* _Data listing_:

==*==

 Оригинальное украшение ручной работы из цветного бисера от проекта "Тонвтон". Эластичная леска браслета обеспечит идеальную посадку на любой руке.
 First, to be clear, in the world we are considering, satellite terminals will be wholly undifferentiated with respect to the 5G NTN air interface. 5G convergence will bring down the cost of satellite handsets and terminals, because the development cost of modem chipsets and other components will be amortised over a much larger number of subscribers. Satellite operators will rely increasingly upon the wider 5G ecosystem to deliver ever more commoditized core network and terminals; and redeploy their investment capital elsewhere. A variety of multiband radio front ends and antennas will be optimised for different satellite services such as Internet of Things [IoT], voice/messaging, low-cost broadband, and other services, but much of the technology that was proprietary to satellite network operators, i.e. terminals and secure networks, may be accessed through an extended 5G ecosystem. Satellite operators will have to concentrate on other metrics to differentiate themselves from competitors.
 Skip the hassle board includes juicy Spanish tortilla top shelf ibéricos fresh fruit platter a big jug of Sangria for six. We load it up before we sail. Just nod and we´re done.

==*==

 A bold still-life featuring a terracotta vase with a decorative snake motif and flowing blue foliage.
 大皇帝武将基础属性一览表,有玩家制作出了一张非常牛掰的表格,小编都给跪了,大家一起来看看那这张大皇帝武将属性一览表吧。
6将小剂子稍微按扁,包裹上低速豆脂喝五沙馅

==*==

* _Work order_:
Out of the data above, transcribe exactly and only the lines starting with the line that has "大皇帝武将基础属性一览表,有" and going on through the line that has "6将小剂子稍微按扁,包裹上低速豆脂喝五沙馅", both included.

* _Worked solution_:
 大皇帝武将基础属性一览表,有玩家制作出了一张非常牛掰的表格,小编都给跪了,大家一起来看看那这张大皇帝武将属性一览表吧。
6将小剂子稍微按扁,包裹上低速豆脂喝五沙馅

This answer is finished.